I agree with darknite. you have to finish it, post it, and then take in all the criticism (good and bad) 
Well said, Darknite!


----------



## karax268 (Jun 7, 2010)

Ilasir Maroa said:


> Well, most of the writers I know have more ideas than they know what to do with. For short stories, this can be very valuable. For longer work, it can be very distracting. That's why you hear "finish something!" so often.



This is exactly my problem. I have about 4-5 story ideas in my head that could easily turn into series. They are all dancing around in my head, screaming for attention. When I decide to write one of them, it goes well, for a time. When I reread it, I think it's crap and the other story's come back urging me to abandon that work and start something new. I don't think I would have that problem if I had only one idea though.

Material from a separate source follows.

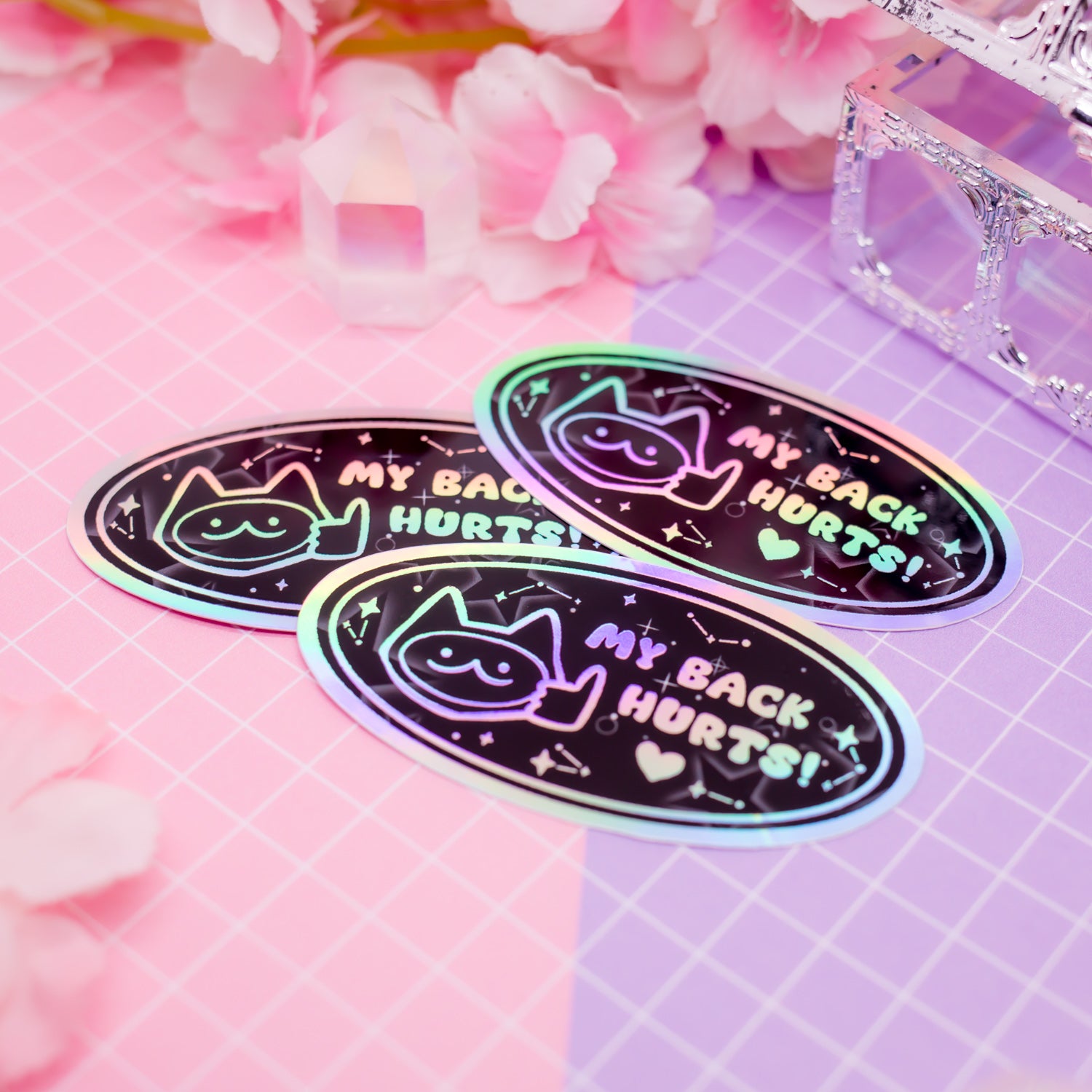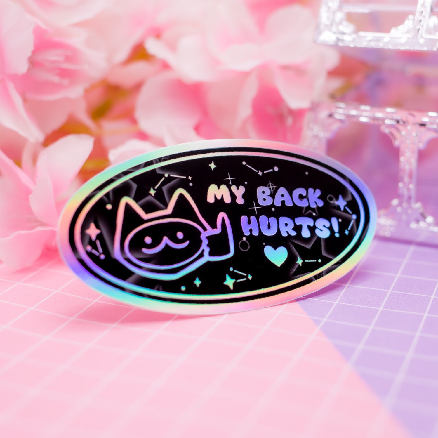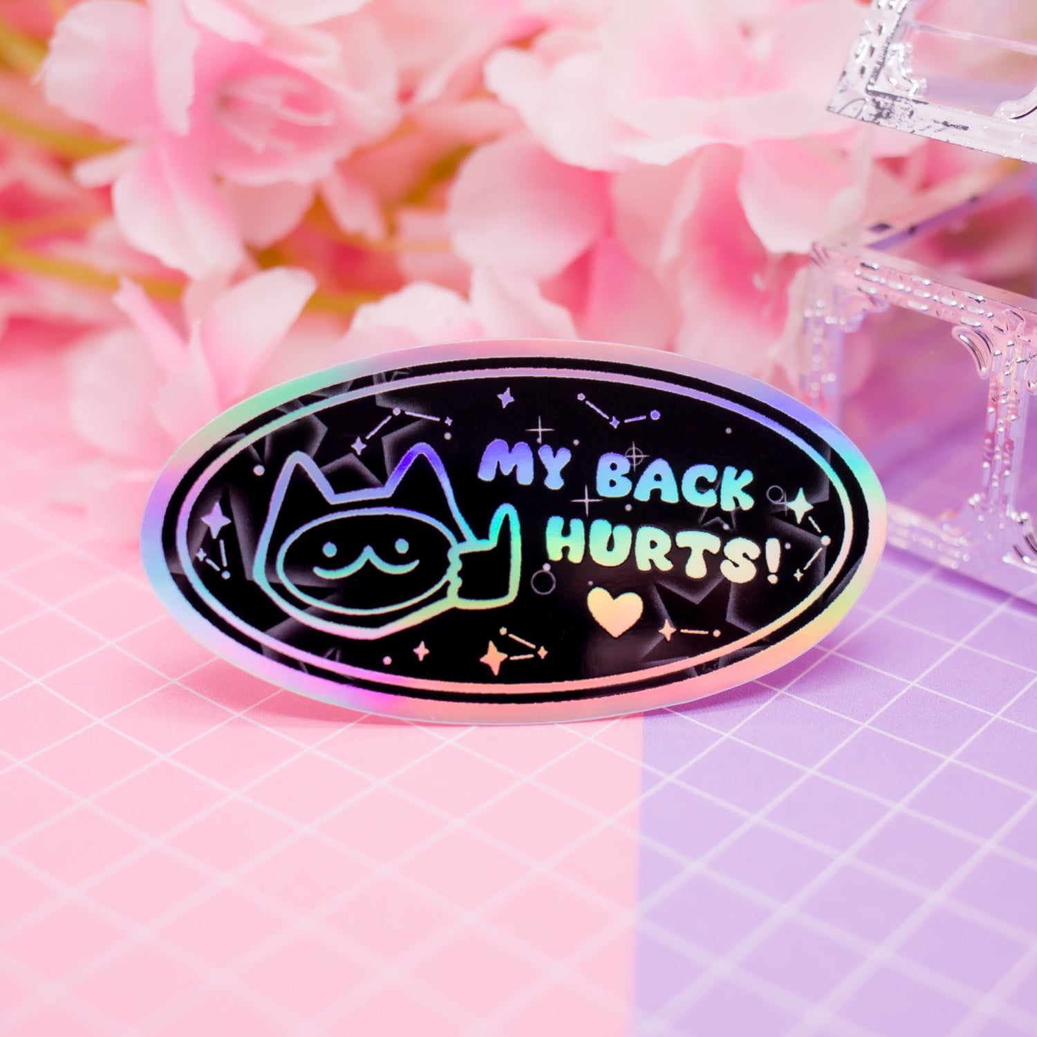 Cat "MY BACK HURTS" holographic vinyl sticker

In the end it's just a mental issue, something that can be overcome, I just have to find someway that works for me.


----------



## Ilasir Maroa (Jun 7, 2010)

karax268 said:


> This is exactly my problem. I have about 4-5 story ideas in my head that could easily turn into series. They are all dancing around in my head, screaming for attention. When I decide to write one of them, it goes well, for a time. When I reread it, I think it's crap and the other story's come back urging me to abandon that work and start something new. I don't think I would have that problem if I had only one idea though.
> 
> In the end it's just a mental issue, something that can be overcome, I just have to find someway that works for me.




That's how it goes.


----------



## garza (Jun 7, 2010)

Hasn't the computer killed the whole idea of a first draft? In the old days we beat out that first draft on a typewriter or scratched it out with pencil and paper. Editing and rewriting pretty much had to wait until that was done. Today I never finish what you would call a first draft. I'm constantly sliding back to change a word, shift the voice, do something to try and make the sentence I just typed a bit better. I call it editing on the fly, and the result is that when the end of the piece is reached, it's ready to go out the door. 

Longer works, like an extended series of articles or a book, are allowed to age for a few weeks before being checked over one last time, and there are always little bits and pieces that need looking after. But with a text editor - I don't use a word processor - that final round of editing, even when you are talking about three or four hundred pages, is relatively painless.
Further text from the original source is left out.